Prospective model verification

To more fully evaluate the performance of the models, a set of 96 compounds was tested prospectively in the MDR1-MDCK efflux assay. This set consisted of AZ compounds that were not in the projects used for the training/test set and which met the same selection criteria as described above for the test/training compounds.

The 96 compounds were evaluated using the both 2D and the 3D descriptor sets. All models, with the exception of the random forest model, provided an assessment as to when compounds did not fall within the prediction space of the model. Only those compounds that fell within the prediction space of the respective prediction model were used for the final evaluations of model performance. The final number of compounds varied from 80 to 93, depending on the prediction model. The Pipeline Pilot RF model as implemented at AstraZeneca does not provide a flag for results not within the prediction space of the model; therefore, the RF model was not tabulated in the final analysis of the prospective data set.
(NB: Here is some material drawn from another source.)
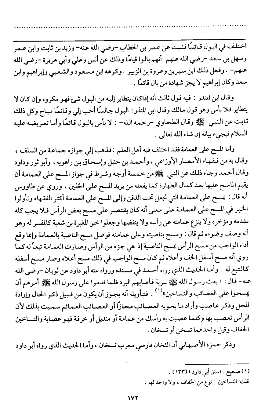 وأما المسح على العمامة فقد اختلف فيه أهل العلم: فذهب إلى جوازه جماعة من السلف، وقال به من فقهاء الأمصار الأوزاعي، وأحمد بن حنبل وإسحاق بن راهويه، وأبو ثور وداود وقال أحمد وجاء ذلك عن النبي - صَلَّى اللَّهُ عَلَيْهِ وَسَلَّمَ - من خمسة أوجه، وشرط في جواز المسح على العمامة أن يقيم الماسح عليه بعد كمال الطهارة كما يفعله من يريد المسح على الخفين، وروي عن طاووس أنه قال: يمسح على العمامة التي تجعل تحت الذقن وإلى المسح على العمامة أكثر الفقهاء، وتأولوا الخبر في المسح على العمامة على معنى أنه كان يقتصر على مسح بعض الرأس فلا يجب كله مقدمه ومؤخره ولا ينزع عمامته عن رأسه ولا ينقضها، وجعلوا خبر المغيرة بن شعبة كالمفسر له وهو أنه وصف وضوءه ثم قال: ومسح بناصيته وعلى عمامته فوصل مسح الناصية بالعمامة وإنما وقع أداء الواجب من مسح الرأس بمسح الناصية إذ هي جزء من الرأس وصارت العمامة تبعا له كما وري أنه مسح أسفل الخف وأعلاه ثم كان مسح الواجب في ذلك مسح أعلاه وصار مسح أسفله كالتبع له. وأما الحديث الذي رواه أحمد في مسنده ورواه عنه أبو داود عن ثوبان - رَضِيَ اللَّهُ عَنْهُ - قال: «بعث رسول الله - صَلَّى اللَّهُ عَلَيْهِ وَسَلَّمَ - سرية فأصابهم البرد فلما قدموا على رسول الله - صَلَّى اللَّهُ عَلَيْهِ وَسَلَّمَ - أمرهم أن يمسحوا على العصائب والتساخين.» فتأويله أنه يجوز أن يكون من قبيل ذكر الحال وإرادة المحل وذكر عاصب وأراد ما يحويه العصائب مجازا أو العصائب العمائم، سميت بذلك؛ لأن الرأس تعصب بها وكلما عصبت به رأسك من عمامة أو منديل أو خرقة فهو عصابة والتساخين الخفاف وقيل واحدهما تسخن أو تسخان.

After predictions, the parameters MAE, Kendall τ, SCI, S(0) and S(1) were calculated as described below.

3. Methods

Mean Absolute Error (MAE) and Kendall τ were calculated using JMP 7. SALI curves and SCI values were calculated as described in Guha and Van Drie [8, 9], using Daylight Type Fingerprints to generate Tanimoto similarity scores, and Excel VBA programming to generate the SALI graphs, SCI and S(X) values and SALI curves.

4. Results and Discussion

Comparison of ADMET Predictor, in house RF and SIMCA PLUS PLS using 2D descriptors

Training sets

The distribution of the calculated SALI values are shown in Figure 2. All models with the exception of RF had similar MAE, Kendall τ and S(0) values (Table 1). The results from the RF model suggested that both its accuracy (MAE) and rank ordering (Kendall τ, S(0), SCI) properties were better than the other models tested. Using SCI as an indicator of model performance revealed marked differences between the models. MLR and RF had high SCI values approaching 1, suggesting that they could accurately rank order compounds across most of the edges of the SALI graph. ANNE, SVM, KPLS, PLS and ANNE AZ had SCI values between 0.1 and 0.5, indicating that these models would predict the edges accurately mo re often than inaccurately. Notably, ANNE with the random training/test set had a negative SCI value suggesting that it mispredicted more frequently than it predicted correctly. All S(1) values, except that for ANNE Random, were 1, indicating that all of the models were able to correctly rank order compounds with large SALI values (that is large activity changes with small structural changes) except ANNE Random.

Figure 2
figure 2

Distribution of SALI Values Calculated for 2D Training Sets. Count of efflux value per bin versus efflux value

Table 1 Summary of 2D model performance

Examination of the SALI curves clarified the reason for these results (Figure 3a). All models performed similarly at X < ~0.1. Thus, in those instances where changes in structure resulted in activity changes of a proportional magnitude, all of the models performed equally well. At X values greater than 0.3, MLR and RF could accurately order compound pairs across edges. The other models performed less well. Importantly, at X = 0.65, the S(X) for ANNE Random became negative, indicating that this model performed poorly at larger X values, completely mispredicting the nodes.

Figure 3
figure 3

SALI Curves for Efflux Prediction Data Generated using 2D Descriptors. 1a, Training Set; 1b, Test Set; 1c, Prospective Set.

Test sets

The test set results, based on compounds within the same chemical space as the training set data, suggested that the model performances were roughly similar. The MAE, Kendall τ and S(0) values were comparable in all models, including the three ANNE models. Examination of the SCI revealed three groups of values: RF, ANNE AZ, SVM, MLR and KPLS all had SCI values greater than 0.9; PLS and ANNE had SCI values between 0.7 and 0.9 while ANNE Random had a negative SCI value. Again, these results were explained by examination of the SALI curves (Figure 3b). It is clear that the different models predicted the order across the SALI edges with varying degrees of accuracy, depending on the X value. Of particular note is the observation that ANNE Random again had a negative S(X) value, crossing S(X) = 0 at an X of 0.2; thus, over most of the prediction space this model mispredicted the rank ordering.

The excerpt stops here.